I must overcome my self-destructive urges in order to free myself from the throes of alcoholism and codependent love.

 

Assignment 2: Antagonist

Readers of my memoir would perceive Veronica and alcohol as antagonists because of the obvious harm they are inflicting upon me. I am only sixteen years old and madly in love with an abusive older woman, so I am unable to see how much she is hurting me. I am also madly in love with alcohol, and I don’t care what it makes me do because it dulls all the jagged edges of my unrelenting anxiety. Like any addict, my perception is flawed. 

When my mother forces me into treatment against my will, I fight tirelessly against everyone and everything keeping me away from Veronica and alcohol. I perceive recovery as my enemy because it forces me to feel my emotions, which are unbearable at times.

My perception of what is hurting me and what is helping me fluctuates as the story progresses, but the main antagonistic forces in my memoir are ultimately my own trauma, addiction, and mental illness.

 

Assignment 3: Breakout Title

The title of my memoir is Take Her Down.

I have not decided on a subtitle yet. A couple of my subtitle ideas are:

-Take Her Down: A Memoir 

(Short and has a nice ring to it, but may not be descriptive enough)

-Take Her Down: A Memoir of Trauma, Underage Drinking, and My Battle Against Recovery

(More descriptive, but might too long)

I am also considering not having a subtitle.

 

Assignment 4: Comparative Titles

It was challenging for me to come up with comparative titles because Take Her Down has so many unique elements I had trouble finding in other published books. Involuntary youth treatment is fundamentally different than inpatient treatment geared toward willing and compliant adults or older teenagers. Take Her Down is also unique in that it features a queer protagonist. I was unable to find any published memoirs about domestic violence in a same-sex relationship, and I couldn’t find any other coming-of-age addiction memoirs by queer authors. 

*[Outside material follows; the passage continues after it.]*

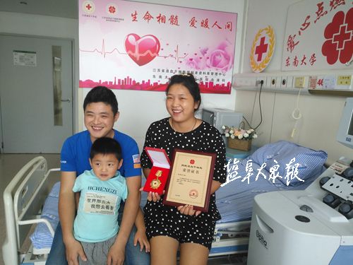 8月22日,在亭湖区红十字会工作人员庄青生的陪伴下,金玉丹及爱人和孩子来到南京东南大学附属中大医院,开始注射动员针做事前准备。27日上午进行了造血干细胞采集。历时四小时,共采集造血干细胞悬液834毫升。紧接着,金玉丹的“生命种子”在第一时间快速运送到受捐者所在医院,输入到受捐者体内。据了解,此次救助的是我省有着一双儿女的母亲。
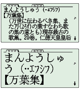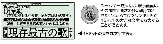 | 一覧性が高く明るく見やすい【大画面】液晶を採用しています。広辞苑の見出し語は常に【大きな文字】で表示しす。さらに「文字サイズキ ー」を押せば、画面に表示されているすべての文字をワンタッチで拡大(縮小)でき、好みの文字サイズに切り替えることができます。また、「ズームキー」を押せば、画数の多い漢字など見たい部分だけを拡大することができる「スーパーズーム機能」でさらに読みやすく表示します。 【以下の4つの文字サイズに切り替え可能です】 ◎ 48ドット表示:漢字・カナ6文字×3行 ◎ 24ドット表示:漢字・カナ13文字×6行 ◎ 16ドット表示:漢字・カナ20文字×8行、英字40文字×8行 ◎ 12ドット表示:漢字・カナ26文字×11行、英字53文字×11行 |

Bad Girl: Confessions of a Teenage Delinquent by Abigail Vona (Rugged Land, 2004) is the most similar memoir I could find in terms of subject matter, but it is now quite dated. Like Take Her Down, Bad Girl is a coming-of-age memoir about involuntary youth treatment. Bad Girl tells a similar story to the one told in Take Her Down, but with a different tone and writing style. Bad Girl is written in the voice of an angry teenager, whereas my memoir concentrates on looking back from a more mature and wise perspective. Take Her Down offers an in-depth look at my inner world and the core issues behind my behaviors, while the narrative in Bad Girl is primarily focused on external events. 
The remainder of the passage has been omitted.